Senior figures believe some jurors have outdated views about rape which, they claim, aren’t shared by well-trained judges.
Indeed Dorothy Bain, the Lord Advocate, who approved the warnings for heroin users, said in December that Scots don’t even have a ‘right’ to a jury trial.
It was an unfortunate signal for a 21st-century prosecution service to send, and sparked a backlash among legal practitioners who pointed out that juries are a feature of most modern, progressive democracies.
The Crown Office has had to fork out tens of millions of pounds in compensation in the Rangers fraud debacle, when innocent men were the victims of ‘malicious prosecution’ — a scandal that could ultimately cost the taxpayer up to £100million.
It’s baffling that anyone thought it would be advisable to raise the idea that juries in some trials could be ditched, with trust in Scottish justice at such a low ebb.

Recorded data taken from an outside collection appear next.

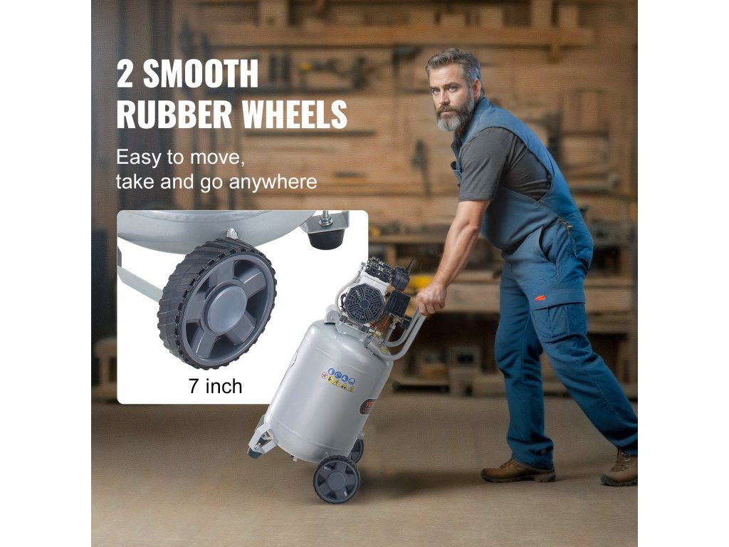 A kényelmet szem előtt tartva tervezett elektromos légkompresszorunk 7 hüvelykes gumikerekekkel van felszerelve a problémamentes mobilitás érdekében, és készen áll a különböző munkakörnyezetek kezelésére. Kompakt kialakításának köszönhetően nem foglal helyet, így még szűk munkaterületeken is könnyen tárolható.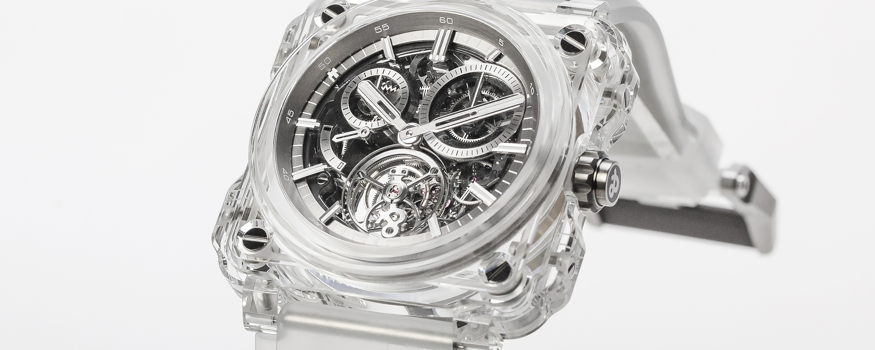 Bell & Ross a présenté une prestigieuse montre-bracelet en saphir, un matériau plus dur que le diamant. Habituellement, seul le verre de protection au-dessus du cadran est en saphir, mais Bell & Ross a entièrement fabriqué la montre-bracelet BR-X1 Tourbillon Sapphire en saphir. Hublot a également présenté une montre similaire il y a quelque temps (Big Bang Unico Sapphire).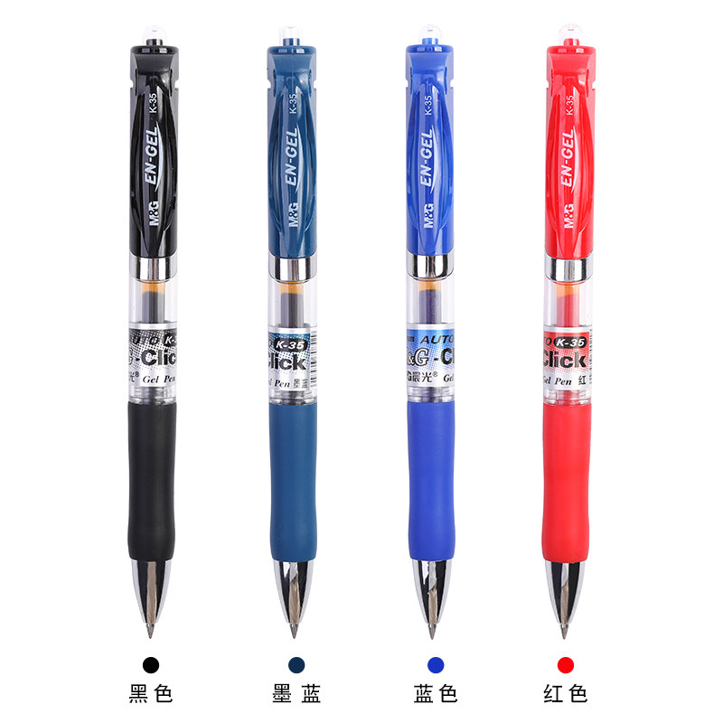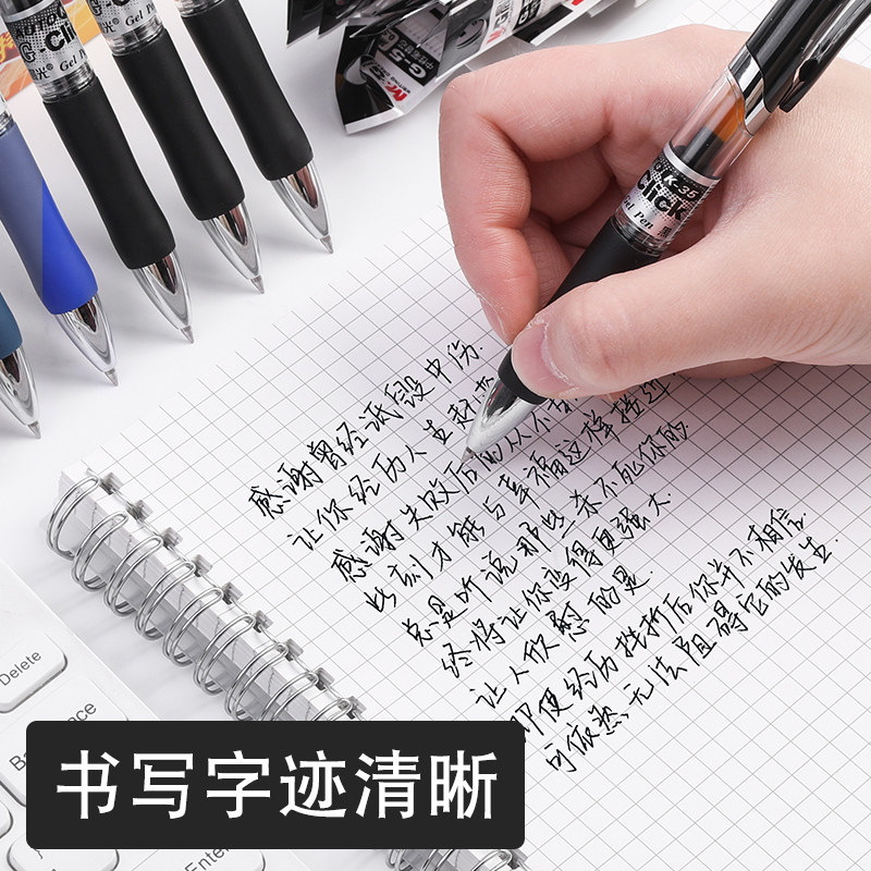 晨光按动中性笔学生用K35水性签字笔芯0.5mm按压式墨蓝黑红笔水笔考试碳素子弹头圆珠笔教师办公文具mg
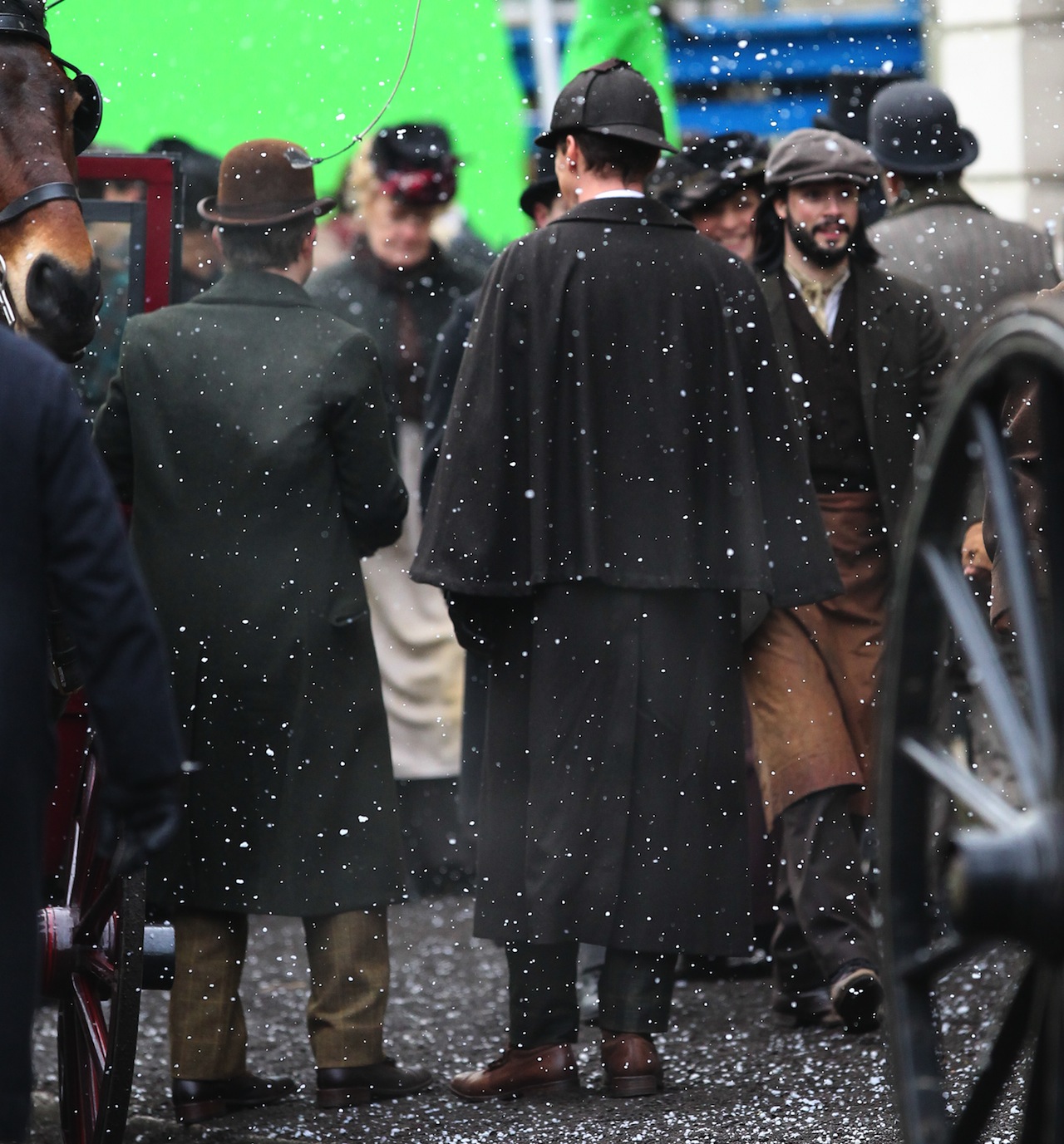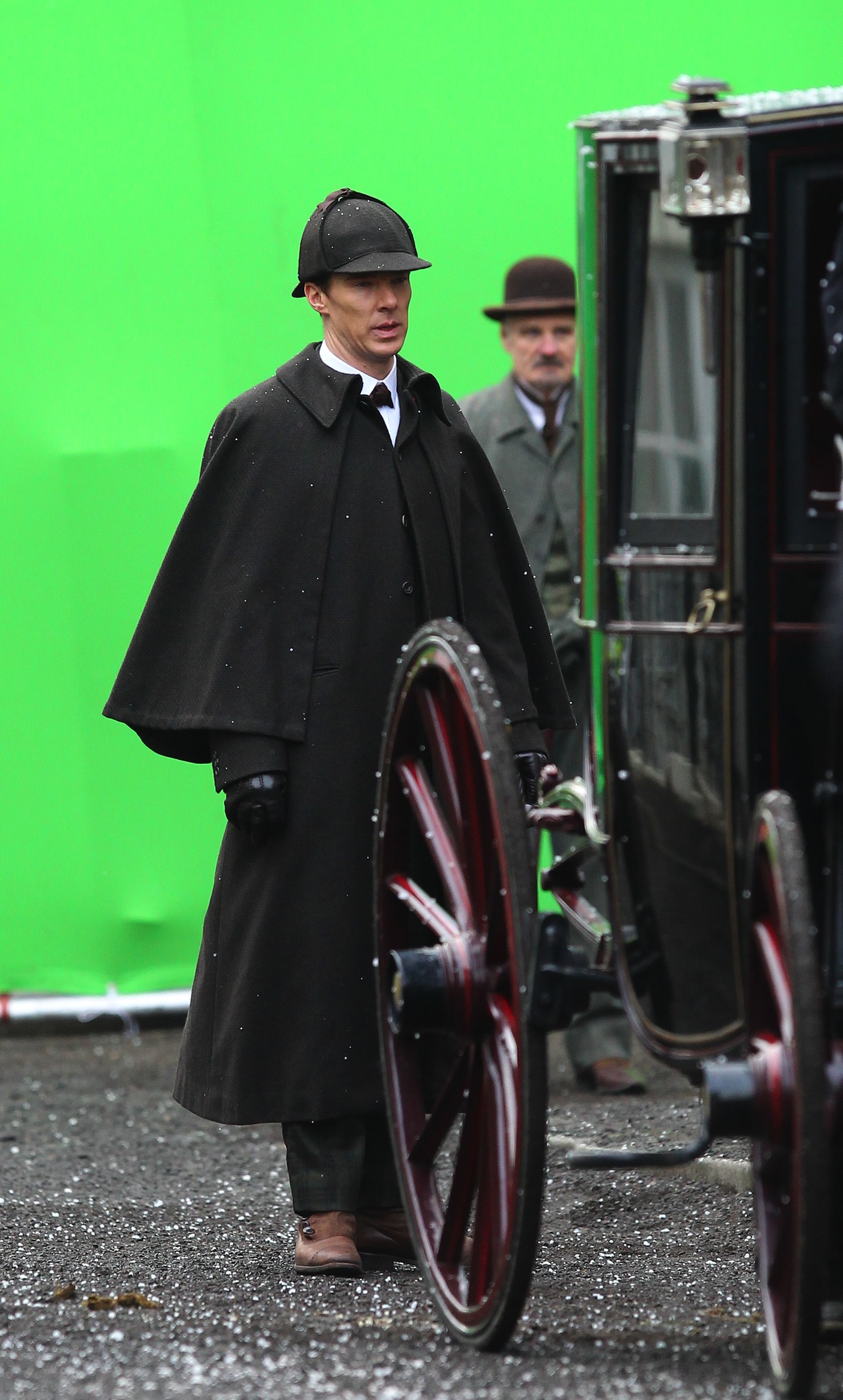 Here are some new photos of Benedict Cumberbatch and Martin Freeman on the set of Sherlock’s Christmas Special.

The Crown, under James Wolffe, QC, Miss Bain’s predecessor, was criticised last year by former Supreme Court judge Lord Hope of Craighead over its intervention in the Salmondgate debacle — when it was accused of attempting to censor the former First Minister’s evidence to a Holyrood inquiry.
Serving judges have also voiced their concern over Mr Brown’s early release plans — last month the Senators of the College of Justice warned the ‘proposals raise profound questions concerning the impact on public confidence’ in Scottish justice.
Judges and even former judges aren’t known for speaking out in this way, so when they do it’s a reasonable indication that things have gone badly wrong.
As these and other crises unfold, Mr Brown has followed the example of previous justice secretaries by sitting on the side-lines, maintaining a monastic silence (apart from the odd blundering intervention) — and hoping it all goes away.
It’s a gigantic abdication of responsibility by a minister out of his depth, and plainly out of ideas, as our once-revered justice system veers from crisis to calamity.
- This column appeared in the Scottish Daily Mail on April 5, 2022.